*** Recorded information ***

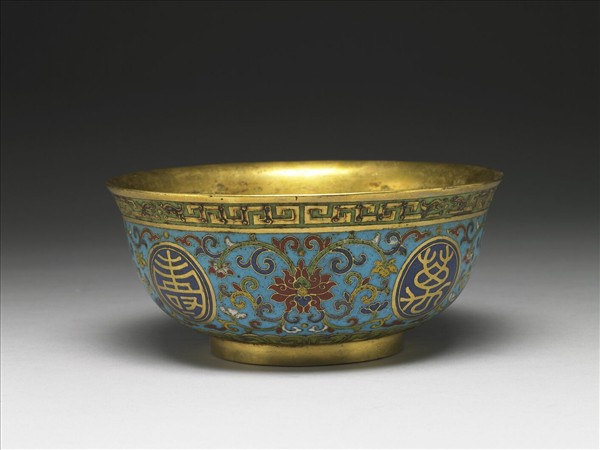 口微撇,深壁,圈足。器表淺藍地,四方有一圓形開光,內各有一深藍地篆體金字:「萬」、「壽」、「無」、「疆」,開光隙地各飾一朵五彩番蓮紋,腹底飾一圈綠地掐絲蓮瓣紋,碗緣飾綠地鍍金製拐子龍紋邊飾。底陰刻「子孫永寶」四字雙行雙方框篆款。
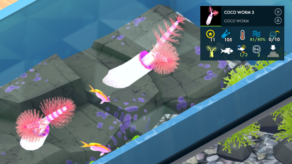 One thing I really like about Coco Worms, is that unlike most corals, they don't need light. This makes them perfect to pair with Mirror Anthias or Reef Squirrelfish, who dislike lights. What's more, if you add at least 3 other species to the tank, the Coco Worms will get a prestige boost thanks to their Communal tag.
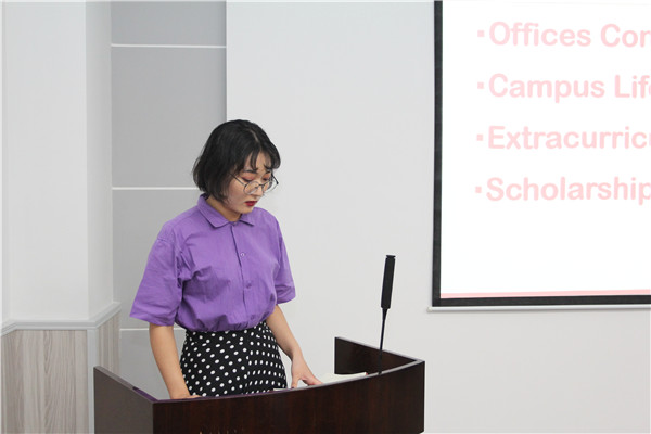 国际化办公室张晓旭老师分享了在交大的校园生活。她详细介绍了留学生常用的办公室联系方式、校内常用的出行方式、图书馆、餐厅和运动场所以及奖学金申请等。她鼓励留学生们积极参加学校社团和学院活动。

*** End of Recorded information ***

### Exercise prompt:
When you repeat the data, keep it exact and drop every picture.

### Response below:
 口微撇,深壁,圈足。器表淺藍地,四方有一圓形開光,內各有一深藍地篆體金字:「萬」、「壽」、「無」、「疆」,開光隙地各飾一朵五彩番蓮紋,腹底飾一圈綠地掐絲蓮瓣紋,碗緣飾綠地鍍金製拐子龍紋邊飾。底陰刻「子孫永寶」四字雙行雙方框篆款。
 One thing I really like about Coco Worms, is that unlike most corals, they don't need light. This makes them perfect to pair with Mirror Anthias or Reef Squirrelfish, who dislike lights. What's more, if you add at least 3 other species to the tank, the Coco Worms will get a prestige boost thanks to their Communal tag.
 国际化办公室张晓旭老师分享了在交大的校园生活。她详细介绍了留学生常用的办公室联系方式、校内常用的出行方式、图书馆、餐厅和运动场所以及奖学金申请等。她鼓励留学生们积极参加学校社团和学院活动。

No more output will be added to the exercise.